Через короткое время заключенный Опетов Евдоким Васильевич, 1906 года рождения, уроженец города Москвы, «из бывших», ст. 58. прим., срок – десять лет, стоял перед ним. Отправив конвой, Семен Оскарович, отдернув зеленую тряпицу, лежавшую у него на большом рабочем столе, спросил:

– Что это?

– Это редкий портрет, мне неизвестный, кисти художника Левицкого или Боровиковского. Оригинал, прекрасно сохранившийся, удивительный по композиции и свету, – неуверенно произнес зэк, и, наклонившись над портретом, добавил: – Требуется детальное изучение для более точной идентификации.

Забегай глянул внимательно на него и медленно произнес:

– Вообще-то это вещдок. Ну да неважно.

– А что это? – и он открыл следующий предмет на своем столе.
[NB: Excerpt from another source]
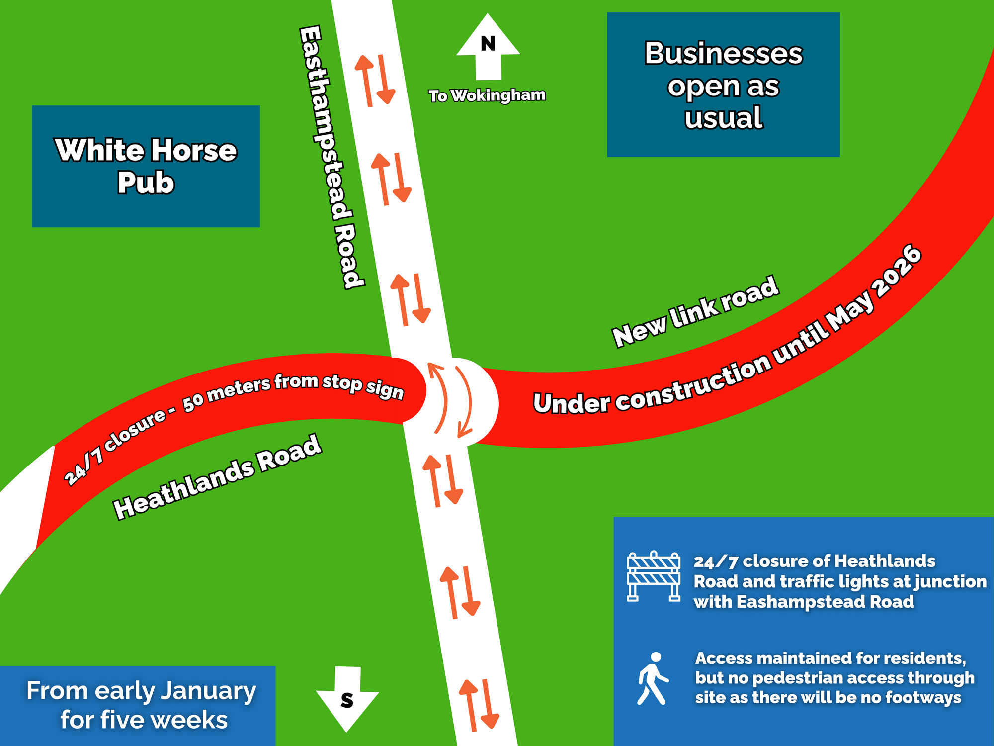 During the five-week closure of Heathlands Road at the junction with Easthampstead Road, the diversion route will be as follows.

– Это, – проговорил изумленно Евдоким Васильевич, – икона. Очень древняя икона. Работы, пожалуй, что Феофана Грека. Невероятно!

И поднял глаза на хозяина кабинета.

Тот ухмыльнулся и, открыв следующий экспонат, сказал: «Сюда смотри!» Заключенный перевел взгляд на стол и обмер. На сукне лежали крупные, хорошо сохранившиеся украшения звериного стиля, которым по возрасту было, может быть, не менее тысячи лет. Когда он сказал об этом гражданину начальнику, тот накрыл на столе предметы старины, вызвал охрану, и зэка этапировали в пересылку, оставив его там на долгие восемь лет подметать библиотеку.
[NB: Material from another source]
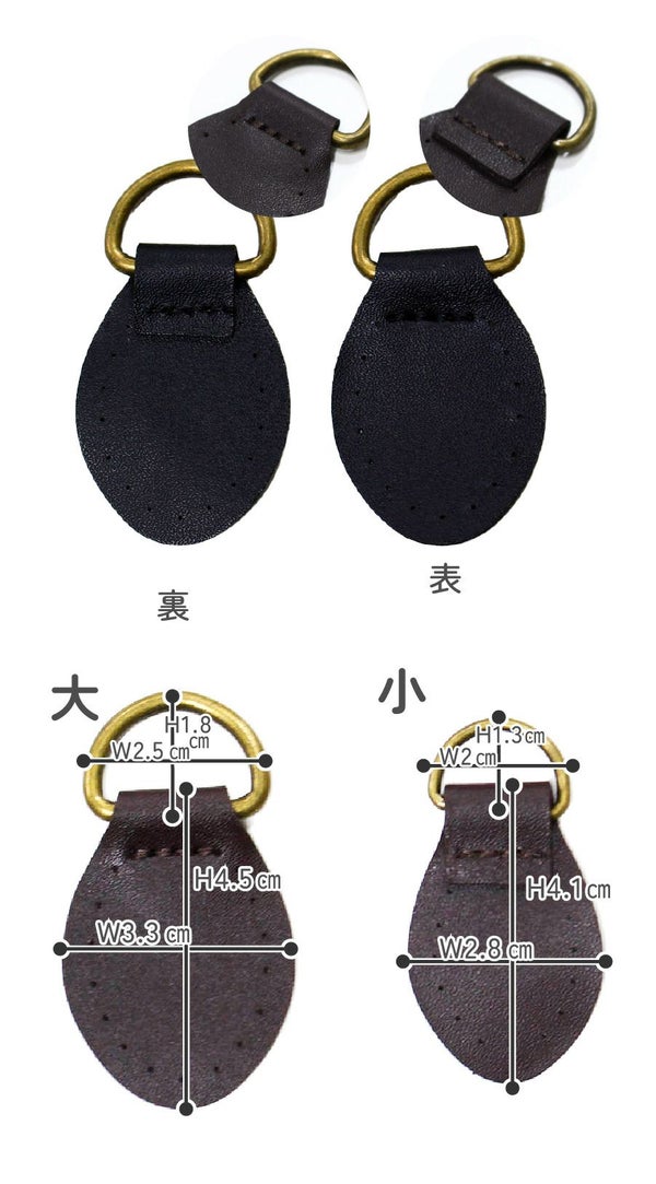 ■Dカン部分:大/H約1.8×W2.5㎝ 小/H約1.3×W2cm

Два года он регулярно бывал в этом большом кабинете, где проводил поверхностную экспертизу разных произведений искусства на предмет авторства, возраста и ценности. Имеется в виду художественной ценности. Однажды его подняли ночью и отвели под конвоем к «коллекционеру» (так он стал про себя, конечно, именовать руководителя Губчека, гражданина начальника Семена Оскаровича Забегай. Тот, как обычно, без всяких предисловий задал арестанту все тот же вопрос: «Что это?»

Евдоким Васильевич посмотрел и аж отшатнулся. На столе лежал мозаичный лик, размером 20 на 30. На золотом основании, обрамленный золотым же окладом удивительной ажурной работы. Лик Спасителя был набран драгоценными и полудрагоценными камнями и был будто живым! Он светился изнутри, излучая свет мучительный, нереально естественный, нерукотворный. Начальник, перехватив восторженный взгляд эксперта, жестко произнес:

– Автор, век, цена?

– Бесценен! Этот лик бесценен! Ему нет цены! – произнес потрясенный увиденным Евдоким Васильевич Опетов.

Подневольный эксперт, зэк, враг народа был счастлив!

– Век. Автор, страна-изготовитель? – снова жестко оборвал его Забегай.

– Предположительно, Византия. Конец прошлого тысячелетия. Автора невозможно определить. Скорее всего, венецианец. Те – большие мастера мозаики.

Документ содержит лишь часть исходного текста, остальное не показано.